Imagina que vas con prisa por la calle y ves a alguien recogiendo las compras de una bolsa rota. Si es tu tío, probablemente te detengas a ayudar. ¿Y si es un amigo? ¿O un desconocido? La mayoría intuye que priorizamos a familiares sobre amigos y extraños, una idea respaldada por teorías evolutivas: compartimos más ADN con la familia, lo que podría inclinarnos a ayudarles primero.
¿Es esta preferencia innata en los humanos? Un estudio publicado en 2022 en el Journal of Experimental Psychology: General, realizado por Julia Marshall, Anton Gollwitzer, Kellen Mermin-Bunnell, Mei Shinomiya, Jan Retelsdorf y Paul Bloom, explora esta cuestión mediante dos experimentos de desarrollo con niños de 5 a 9 años y adultos.

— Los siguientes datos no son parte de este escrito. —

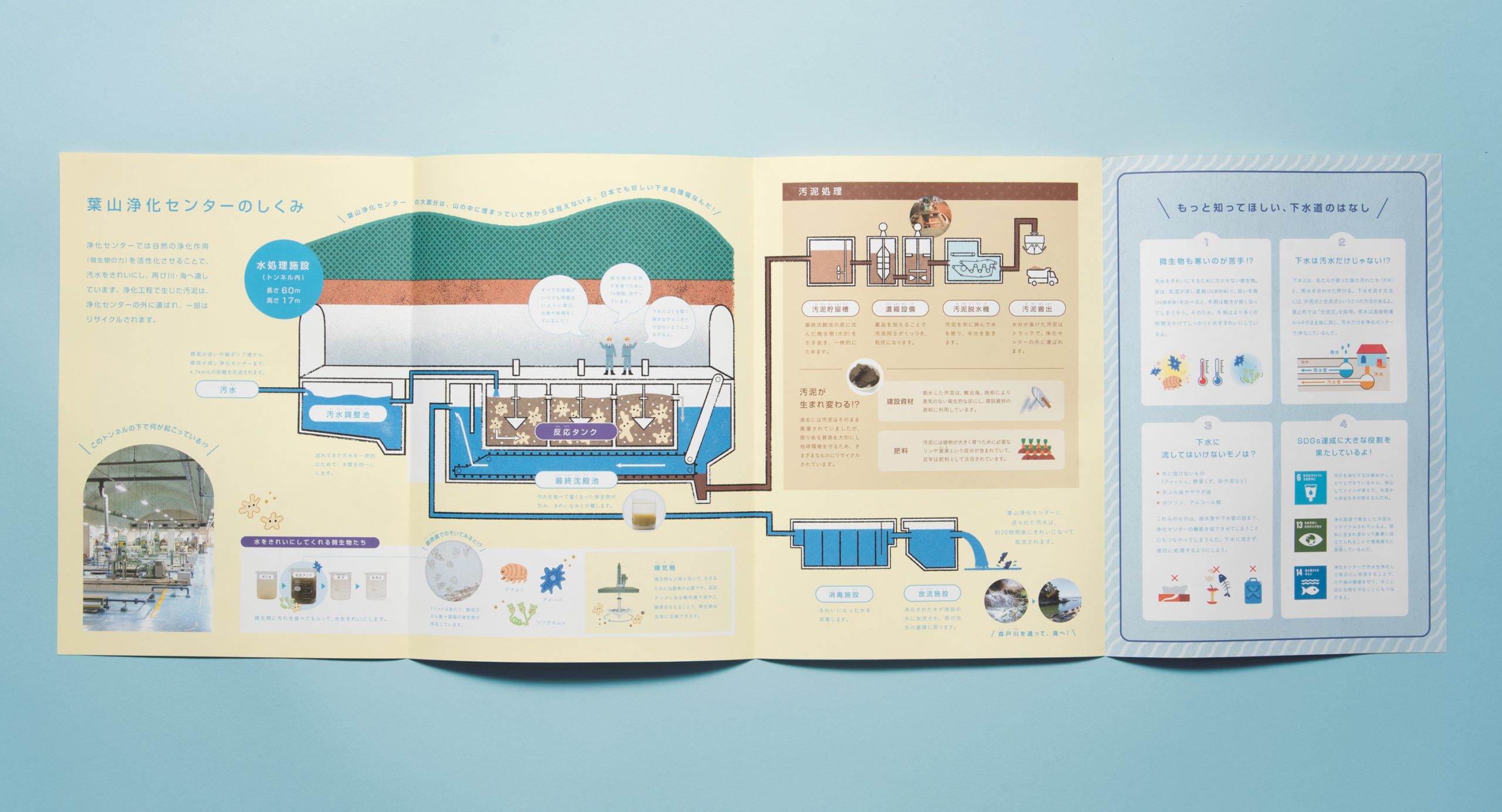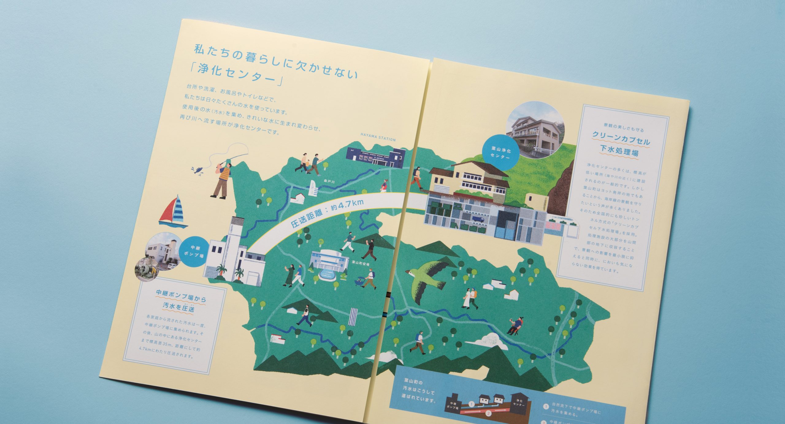 地元の小学生たちが校外学習で訪れる機会も多いとのことで、最もこだわったのはわかりやすさ。自分たちが水道などから流した水の、その後の話であること。どのような処理を施され、またキレイな水となって自然にかえっていくのかを、親しみを持って理解してもらえる構成のパンフレットにしました。

En el primer estudio, enfocado en participantes de EE.UU., se presentaron escenarios donde un niño necesitaba ayuda (hambre o herida). Los adultos observaban: un padre, un amigo o un desconocido. Se preguntó si estaban obligados a ayudar.
Los niños más pequeños creían que todos debían ayudar, con una ligera preferencia por familia y amigos sobre extraños. A mayor edad, y en adultos, esta distinción se acentuaba: familia primero, luego amigos y menos extraños.

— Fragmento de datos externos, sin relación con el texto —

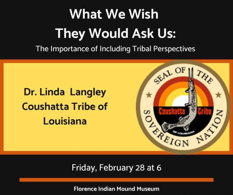 Dr. Linda Langley of the Coushatta Tribe of Louisiana will deliver her presentation, “What We Wish They Would Ask Us: The Importance of Including Tribal Perspectives” at the Florence Indian Mound Museum on Friday, February 28th, 2020 at 6 pm. Dr. Linda Langley serves the Tribal Historic Preservation Officer for the Coushatta Tribe and holds a Ph.D. in Anthropology from Brown University, and a BA in Archaeology from Harvard University. In addition to serving as Coushatta THPO, she is a Research Professor of Anthropology at McNeese State University in Lake Charles, Louisiana, and a Fellow in the Society for Applied Anthropology. Dr. Langley is the author of over forty-five articles, books, and videotapes spanning various areas of her work and research.

¿Mejora cognitiva o aprendizaje cultural? El segundo estudio comparó niños y adultos de EE.UU., Alemania, India, Japón y Uganda. Los más pequeños universalmente esperaban ayuda de todos. En la mayoría de culturas, niños mayores y adultos priorizaban familia. Sin embargo, en Uganda, adultos creían que todos debían ayudar, reforzando esta idea en sus niños.
Estos resultados indican que los niños parten de un principio universal de ayuda, pero adoptan las normas culturales de los adultos. No es un instinto evolutivo fijo, sino moldeado por la sociedad.